Every river runner should read that book "We Swam the Grand Canyon" Awesome story!


----------



## Ture (Apr 12, 2004)

False alarm. I called the rangers and it turns out they have banned the use of SNOW boards on the river. They said that nobody had actually tried it yet but they wanted to get the word out there to head off any potential for problems.


----------



## Scary Mc (Jun 15, 2004)

wyboat said:


> On a Ruby/Horsethief/Westwater trip I had an intern who never saw a river try to deny my recsue vest becuase the writing was worn off the tag.


 When was this, was the 'intern' at Loma or Westwater?


----------



## wyboat (Jul 20, 2009)

It was at Westwater. The real problem is that we were already into our trip and our shuttle was down at the Westwater takeout. The next time I went I had a beater PFD strapped to the frame and showed them that. They still needed to read the tag and it was still a freakin intern that didn't know squat.


----------



## swiftwater15 (Feb 23, 2009)

zbaird said:


> we have had major problems with rangers there also. i dont remember a dave but i do remember a doug ross. dude was possibly a little ill. everyone was wearing lifejackets through island park and he still came and inspected them and said some werent approved, a lecture and threats of citation ensued. then, he followed us and layed over at jones with us. came into camp for a second lecture about the same issue with more threats of citation and it culminated with him pounding himself in the head, hard, saying "stupid,stupid, stupid" (as he pounded himself), about the whole"fishing life jacket" thing. most of the fishing PFDs are approved type 3 (not sure if ours was). i think he had a hard on for dory guys or something, which i certainly understand, but should the ranger be bias?? these guys get paid to float the river over and over again. you would think they would be happy to make sure everyone is having a good time and be laid back about all but the most serious of saftey offenses. if he had been at the ramp to check us in, he could have caught the spare fishing jackets. they had real ones on through the rapids by the way, this is island park we are talking about. a coke bottle would keep you afloat.
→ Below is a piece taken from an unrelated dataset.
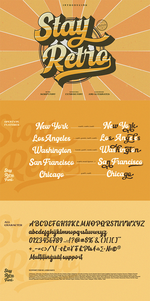 Stay Retro includes multilingual options to make your branding reach a global audience. See the previews above to get some inspiration on how you can use them.
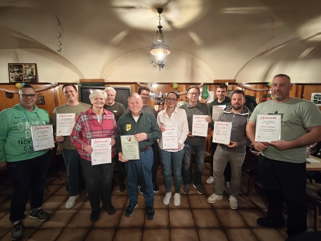 Ein besonderer Programmpunkt war die Ehrung langjähriger Mitglieder. Insgesamt wurden 12 Mitglieder für ihre Treue zum Verein ausgezeichnet. Die Hälfte von ihnen gehört unserem Verein bereits seit 25 Jahren oder länger an – eine beeindruckende Verbundenheit über viele Jahrzehnte hinweg.

Did you mean echo park? Jones Hole is above Island Park


----------



## zbaird (Oct 11, 2003)

excuse me, echo park. still just as flat. thanks.


----------



## swiftwater15 (Feb 23, 2009)

The Dino rangers used to sit on a ridge overlooking Island Park with binoculars, and then drive around to the takeout at split mountain to write lifejacket tickets.


----------



## cma (Dec 19, 2003)

ZGjethro said:


> I think it is because Dillion is Denver's drinking water and they don't like the idea of your body stewing in it. You can pump your boat's bilge out and they are ok with that though.


Yeah, isn't it even illegal to swim there? I know a few people that have gone commando and skinny dipped after dark while camping up there..


----------



## dport (May 10, 2006)

Three trips so far on Lodore, never had a problem with any rangers, at the launch site or on the river. Just lucky I guess


----------



## Hey Zeus (Mar 19, 2007)

I was one of the people who received a ticket last October and I believe I was the one who warned you and your group. 

I never responded to the ranger after he posted regarding my friends post on the buzz. Frankly, he did not budge regarding his stance on the ticket. There were no signs and no real information on the subject that we were able to find. It is sad that the rangers job is more to harass than to help people. 

On a side note, I noticed a post last year on vandalism at the Lodore TO. My thought is, they fined me and my friend each $125, $that's 250 total. They should put that money to good use and buy a $200 trail cam that will snap photos of the vehicles going in to steal boaters gear.


----------